§ EXERCISE:
Range to copy from the entries below: the line containing "Melton lace-trim set" through the line containing "Slip-resistant honed limestone", inclusive. Retype only those lines, exactly, without any images.

§ RECORDS FOR THIS EXERCISE:
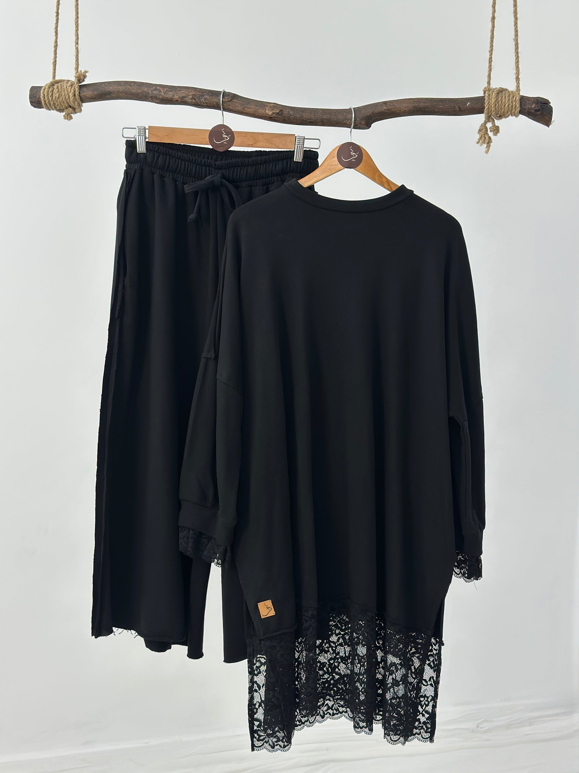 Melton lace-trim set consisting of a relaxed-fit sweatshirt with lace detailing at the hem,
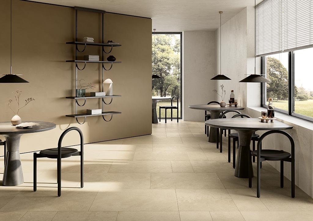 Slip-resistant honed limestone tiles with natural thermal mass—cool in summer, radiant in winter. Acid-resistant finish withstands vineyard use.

==

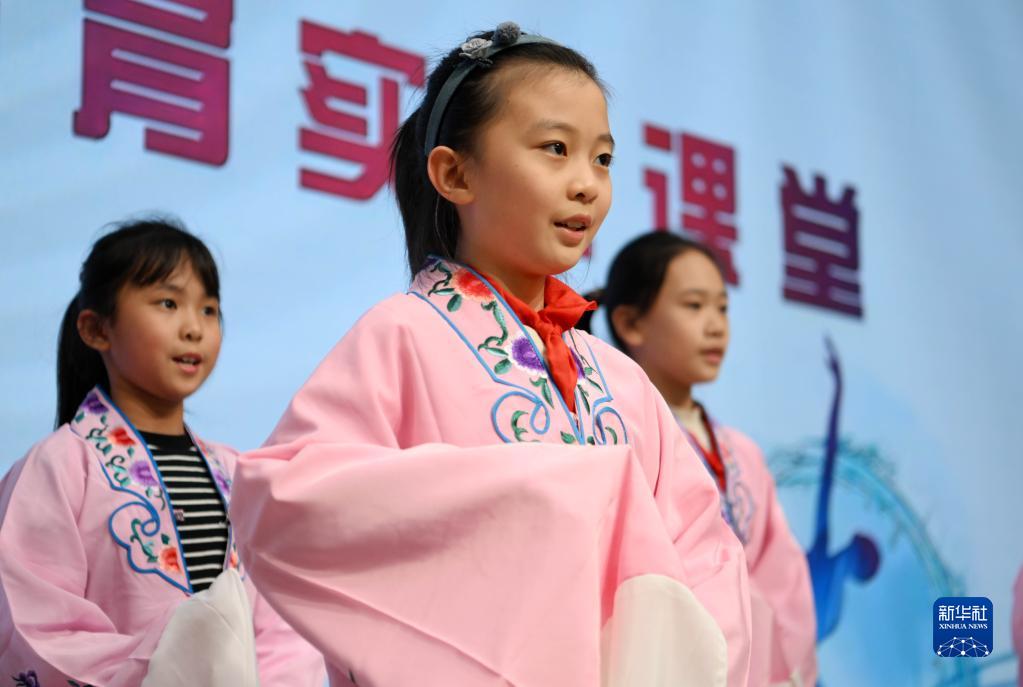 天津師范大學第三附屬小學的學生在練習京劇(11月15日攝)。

§ WRITTEN ANSWER:
 Melton lace-trim set consisting of a relaxed-fit sweatshirt with lace detailing at the hem,
 Slip-resistant honed limestone tiles with natural thermal mass—cool in summer, radiant in winter. Acid-resistant finish withstands vineyard use.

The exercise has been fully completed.